# Winter in the South of France



## HarveyVibes

Hi everyone. My wife and I are late middle aged and since our kids left home we've often talked about escaping the UK winter and renting a place on the south coast of France for 3 months every year. I was wondering if groups of UK expats existed in any areas that we could seek out and join ? Thanks for any help offered.


----------



## tardigrade

Be careful of areas behind Cannes and Antibes.. The temperatures can reach below zero even when 10km away at the coast it is 5 degrees.


----------



## ccm47

Totally agree with Tardigrade, go inland from the coast and the temperature plummets.
We were shareholders in a mobile home site (nothing like any British one that I've seen) where occupation was limited to 11 months a year: Pin de la Lègue at Fréjus. It is very multi-lingual and has restaurants and bars just outside the fence: you can guarantee being able to chat to somebody there. Even there you can expect the odd cold spell so take cold weather clothing, if the Mistrale decides to blow, you'll need them.

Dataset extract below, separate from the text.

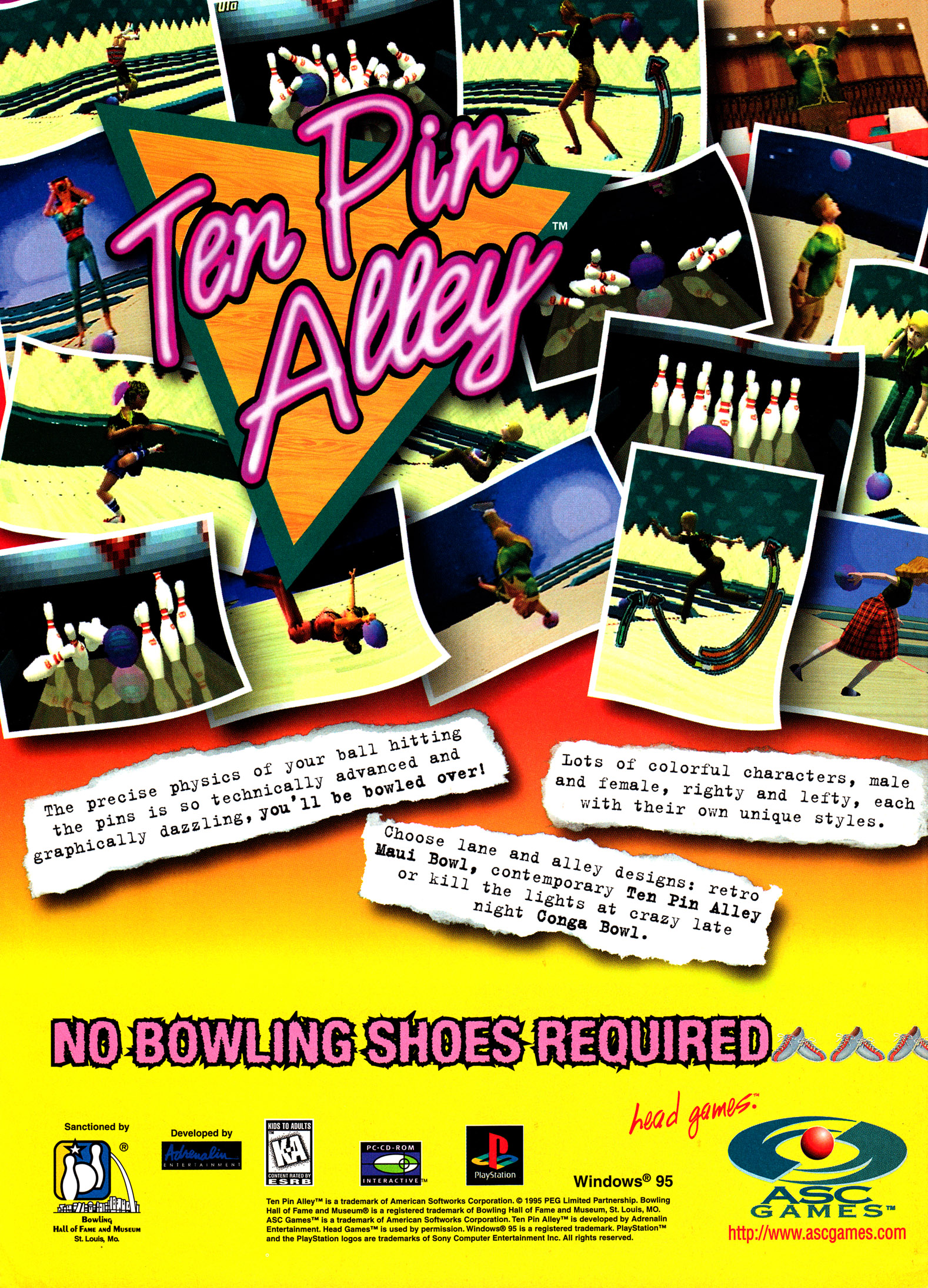 American Softworks Corporation is planning to bring bowling action to the PC and the PlayStation with this fall's release of Ten Pin Alley. Developed with the cooperation of the Bowling Hall of Fame and Museum, this game gives players the opportunity to bowl in different eras, including the '50s, the '90s and even the lanes of the future, complete with new rules and scoring. ASC is looking to re-create the experience of bowling as accurately as possible, with realistic sound effects, precise ball and pin physics and true-to-life lane conditions that affect the behavior of the ball.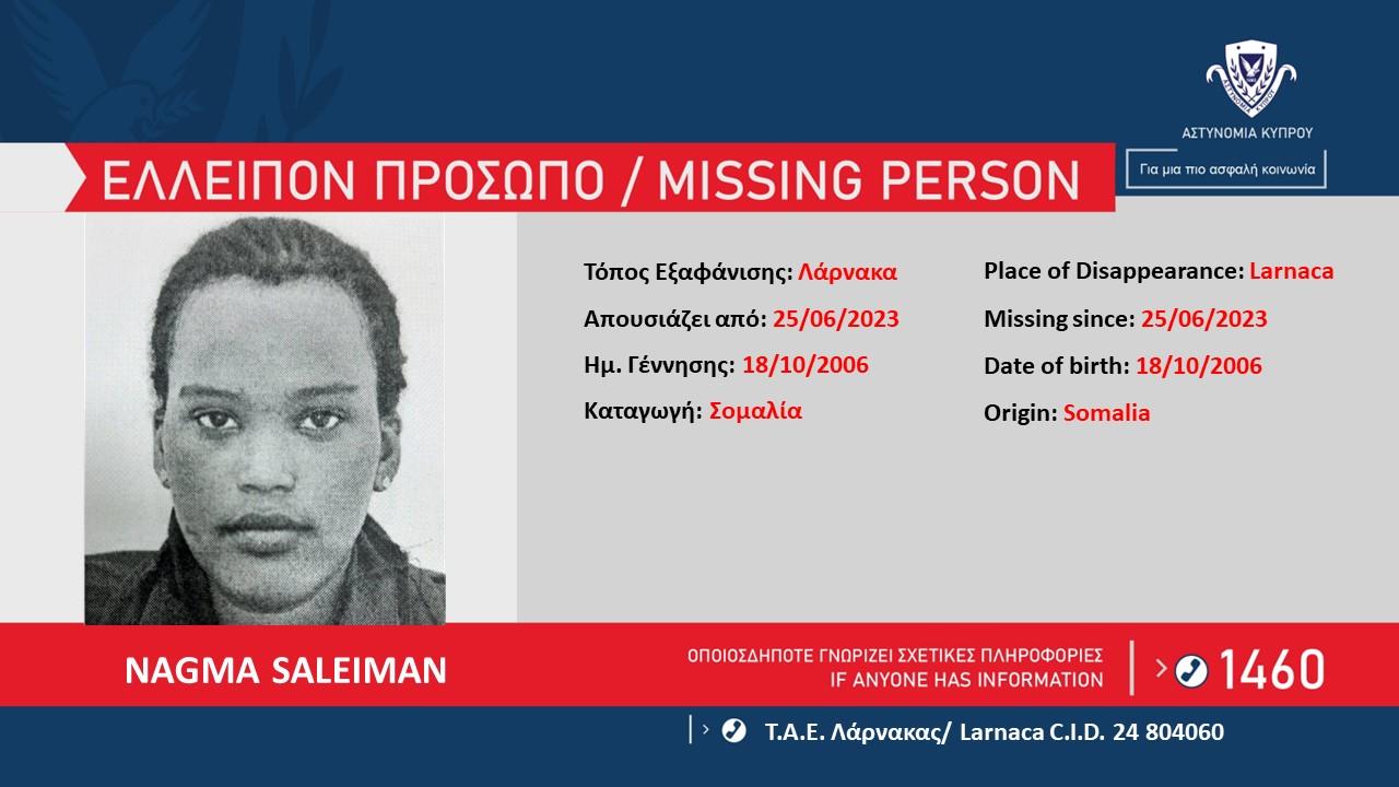Καταγγέλθηκε σήμερα στην Αστυνομία, ότι από τις 25 Ιουνίου 2023, απουσιάζει από το χώρο διαμονής της, στη Λάρνακα, η NAGMA SALEIMAN, 17 ετών, από τη Σομαλία.

To find out about what's going on in the area you could listen to one of the English language radio stations : Englishwaves.fr, Rivieraradio.mc or Englishraven.com. I'm pretty sure they all do internet broadcasting now.
Hope that helps a little.


----------



## HarveyVibes

Some good pieces of information I hadnt considered there, thanks.


----------



## ARPC

I mean how about the super south of France, like Réunion? A have a few friends who live in the south of france and winter there.


----------